Jack Daniel’s, para fazer sua voz soar mais gutural. Muito religiosa, ela caía em prantos nos intervalos e era consolada por dois padres, contratados como consultores. Friedkin não gostou de como o reverendo William O’Malley, escalado para viver o padre Dyer, interpretou a cena em que ministrava a unção dos enfermos a Karras. Pegando O’Malley pelos ombros, olhou fixamente em seus olhos e perguntou: “Bill, você confia em mim? Você me ama?”. Quando ouviu “sim”, Friedkin o esbofeteou no rosto e mandou a câmera rodar. O padre completou a cena tremendo e chorando. A aparente loucura de Friedkin seguia um método e um objetivo.

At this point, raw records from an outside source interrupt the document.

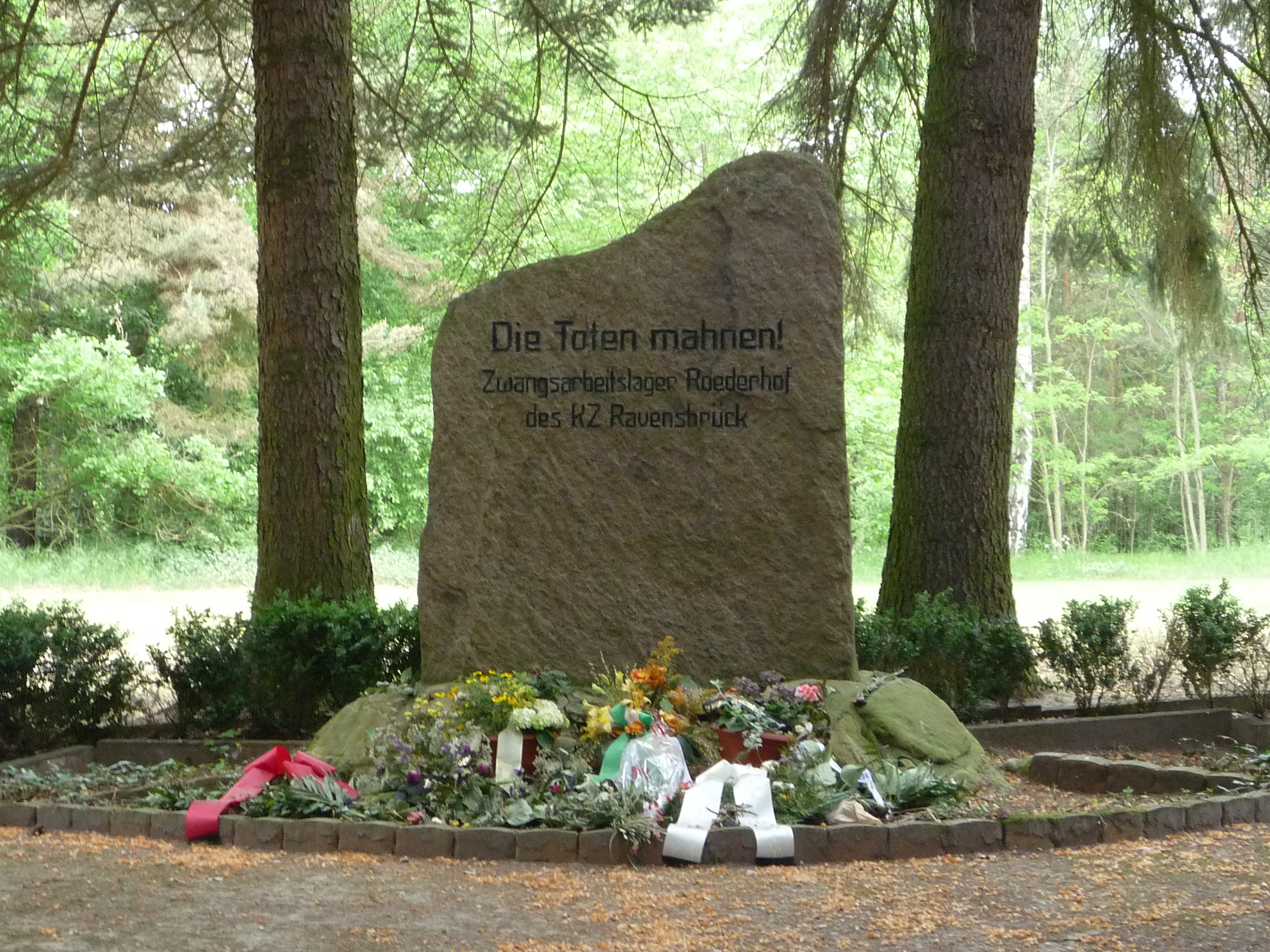 Roederhof Memorial, Bad Belzig, Brandenburg, Germany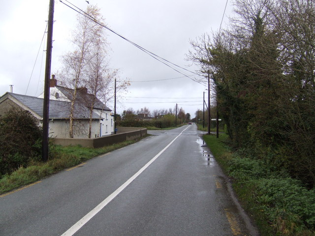 Betaghstown Cross Roads Looking south-west towards Prosperous, Co. Kildare.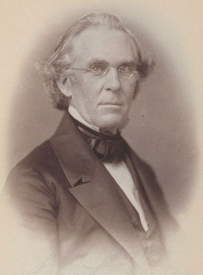 Albert G. Talbott, Representative from Kentucky, Thirty-fifth Congress, half-length portrait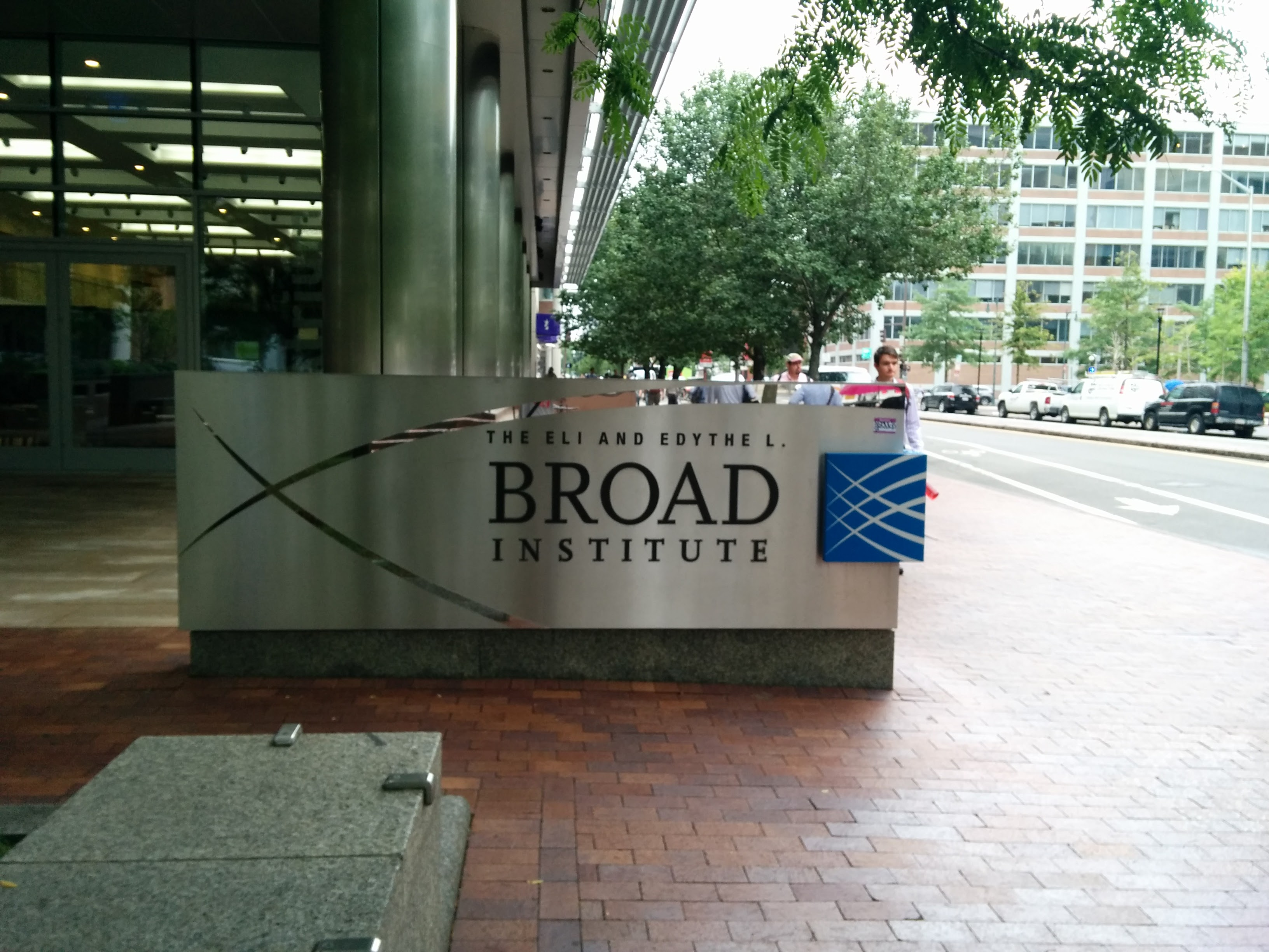 Broad Institute, 415 Main Street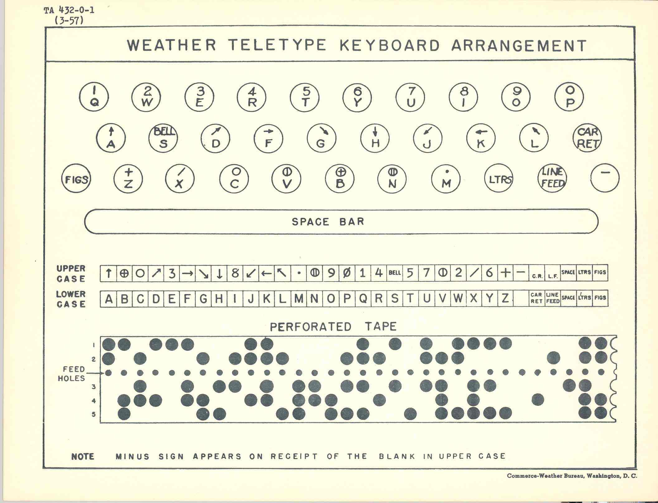 Special version of the 5-bit Baudot code used to send weather information on teleprinter circuits.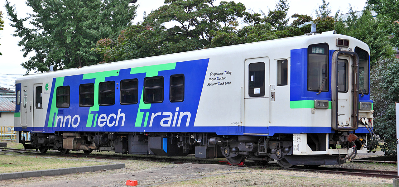 JR Hokkaido Kiha 160 hybrid DMU car at Naebo Works open day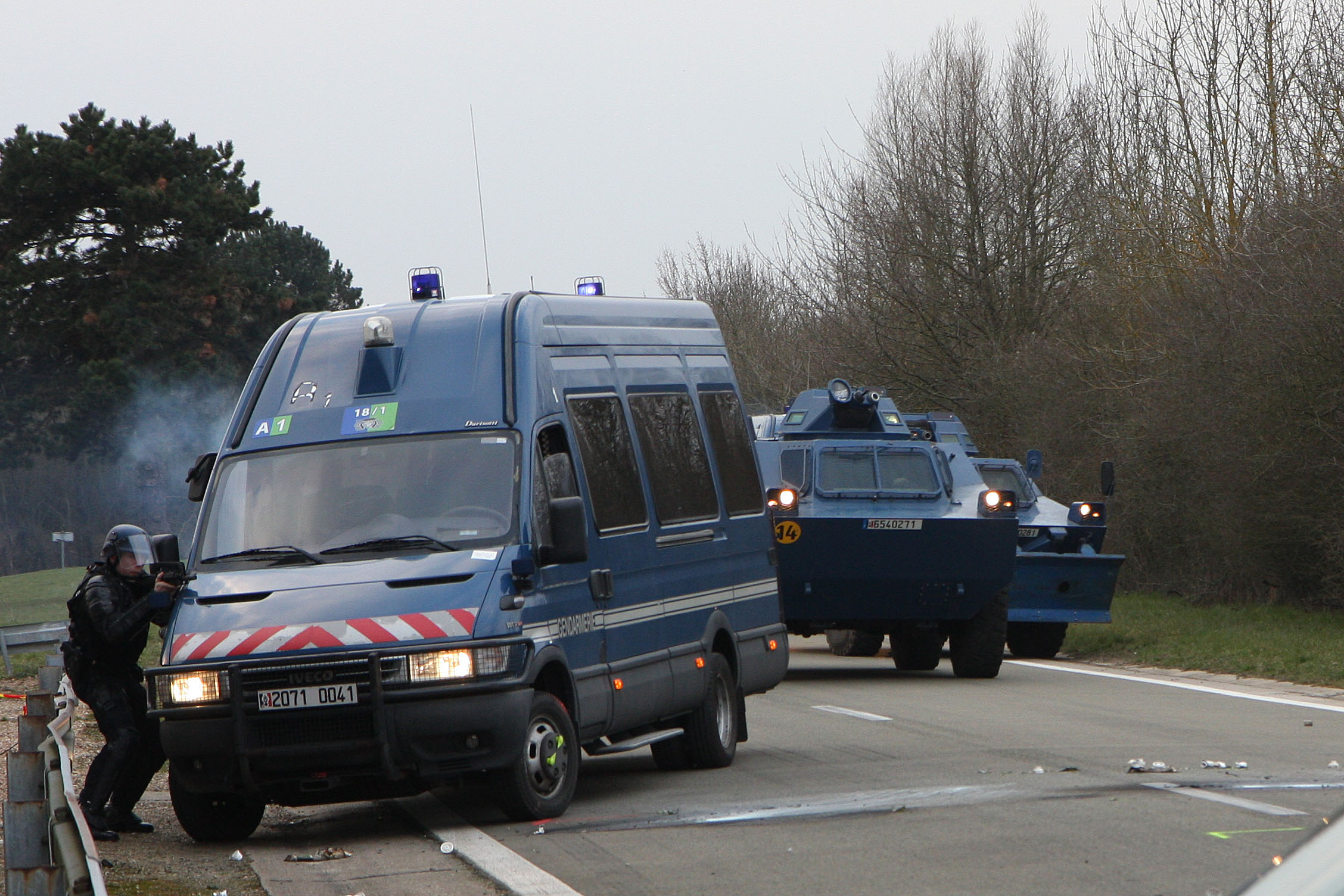 French Mobile Gendarmerie van and armoured vehicles

Ele intuía que “O Exorcista”, para ser um sucesso, precisava de intensidade e realismo inéditos. Deu certo: foi o primeiro longa de terror campeão de bilheteria da história de Hollywood. É o nono filme mais rentável dos EUA, segundo o site Box Office Mojo. Em valores atualizados,

faturou US$ 890 milhões (cerca de R$ 2 bilhões), superando até mesmo “Avatar” (US$ 782 milhões, R$ 1,8 bilhão). Gerou um fenômeno social e cultural que capturou, melhor que qualquer outro, o espírito de sua época. “Estávamos na era do antiherói”, define Friedkin em sua recém-lançada autobiografia, “The Friedkin Connection: A Memoir” [Harper, R$ 53, 512 págs.]. “O clima era de medo irracional e paranoia, dois velhos conhecidos meus [...]. Os filmes dos anos 70 começaram a abordar a ambiguidade moral que reconhecíamos em nós mesmos”, escreve o cineasta, hoje com 78 anos e ainda na ativa. Desde o fim dos anos 1960, o mundo vivia uma fase de conflitos bélicos e existenciais. O Vietnã e a Guerra Fria chegavam a seus picos dramáticos. Tanques soviéticos esmagaram a Primavera de Praga. Os assassinatos de Bobby Kennedy e Martin Luther King, os massacres da gangue de Charles Manson, as mortes de ídolos do

rock como Jimi Hendrix, Brian Jones, Jim Morrison e Janis Joplin e o fim dos Beatles sepultaram o sonho hippie de paz, amor e união. O “sistema” tinha vencido. Havia uma impressão de que o mundo estava prestes a enfrentar um desastre apocalíptico. Não à toa, foi uma época de grande interesse pelo oculto e sobrenatural. Na música, isso ficou claro quando os Beatles incluíram a foto do ocultista inglês Aleister Crowley (1875-1947) na capa do LP “Sgt.Pepper’s Lonely Hearts Club Band”. Crowley virou um ídolo da contracultura: Jimmy Page, do Led Zeppelin, comprou um castelo que fora do bruxo, e Mick Jagger, dos Rolling Stones, atuou no filme “Invocation of My Demon Brother”, dirigido por um discípulo de Crowley, Kenneth Anger. David Bowie era outro popstar obcecado por Crowley. Citou o ocultista em músicas (“Quicksand”, 1971) e fez um disco inspirado em sua filosofia, “Station to Station” (1975/76).